-- DATASET EXCERPT follows --
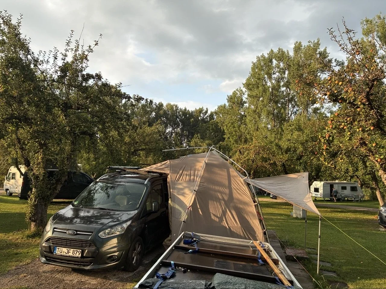 Einen Platz für die Nacht musste ich nicht suchen, nur buchen: Camping Rottenburg, mein Zelt-Heimathafen, 2024 schon mehrmals besucht. Fühlt sich safe an, ist auch safe.
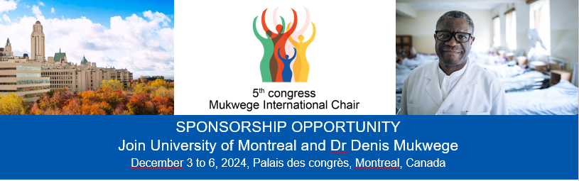 The 5th congress Mukwege International Chair is a unique opportunity to exposure to an audience of over 400 participants, including Dr. Denis Mukwege, 2018 Nobel Peace Prize winner, world-renowned speakers, government representatives, researchers and multidisciplinary and international organizations: universities, research groups, civil society organizations, NGOs and indigenous women's groups. Sponsorship of this major event will give you exposure in North America and internationally, and help support the costs of participation for representatives of the survivor movement, developing countries, civil society associations and students.
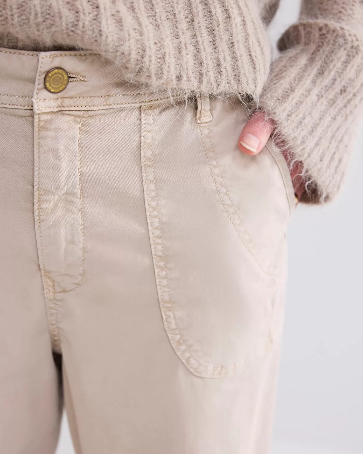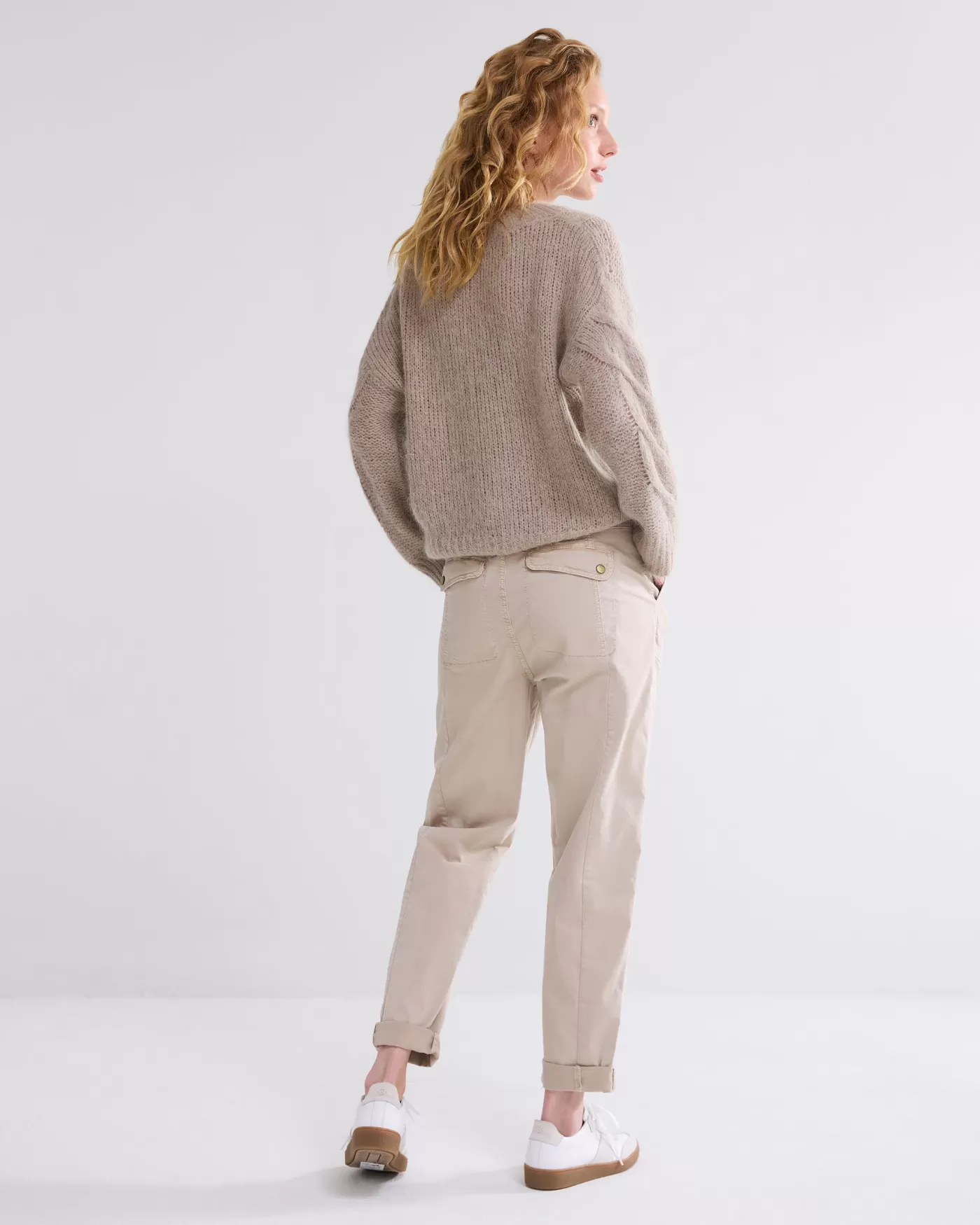 Broek met smalle pijpen en een koordsluiting in de taille. De broek heeft grote opgestikte steekzakken op het voorpand e…
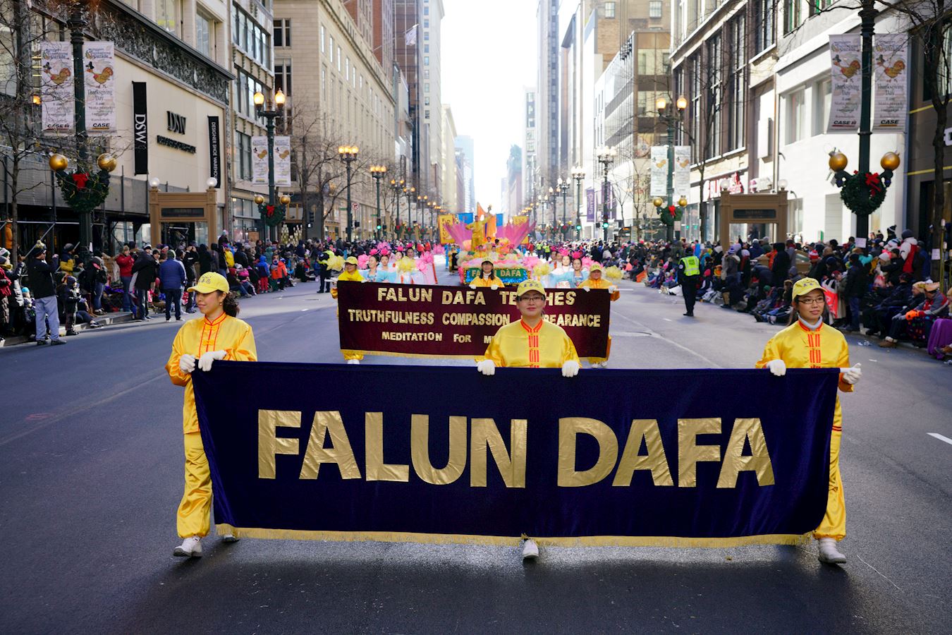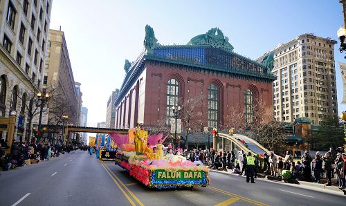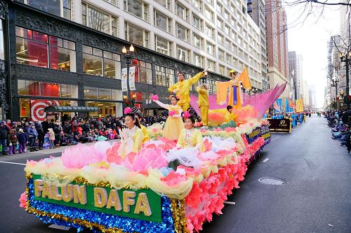 芝加哥感恩节游行始于一九三四年,那时叫圣诞游行,希望能给经济大萧条中的人民鼓舞士气。首年的节日游行大大增长了市民的信心,芝加哥感恩节游行因此成为信心和希望的象征。法轮功学员二零零三年首次参加芝加哥感恩节游行,赢得组委会青睞,之后年年获邀参加。今年已经是法轮功学员第十五年参加这一盛事。法轮功学员制作的大莲花花车也成为游行的经典花车之一。
-- DATASET EXCERPT concluded --
PROBLEM STATEMENT:
The range to set down runs from the line containing "The 5th congress" through the final line of the data, both ends included; give it exactly and drop the pictures.

TASK SOLUTION:
 The 5th congress Mukwege International Chair is a unique opportunity to exposure to an audience of over 400 participants, including Dr. Denis Mukwege, 2018 Nobel Peace Prize winner, world-renowned speakers, government representatives, researchers and multidisciplinary and international organizations: universities, research groups, civil society organizations, NGOs and indigenous women's groups. Sponsorship of this major event will give you exposure in North America and internationally, and help support the costs of participation for representatives of the survivor movement, developing countries, civil society associations and students.
 Broek met smalle pijpen en een koordsluiting in de taille. De broek heeft grote opgestikte steekzakken op het voorpand e…
 芝加哥感恩节游行始于一九三四年,那时叫圣诞游行,希望能给经济大萧条中的人民鼓舞士气。首年的节日游行大大增长了市民的信心,芝加哥感恩节游行因此成为信心和希望的象征。法轮功学员二零零三年首次参加芝加哥感恩节游行,赢得组委会青睞,之后年年获邀参加。今年已经是法轮功学员第十五年参加这一盛事。法轮功学员制作的大莲花花车也成为游行的经典花车之一。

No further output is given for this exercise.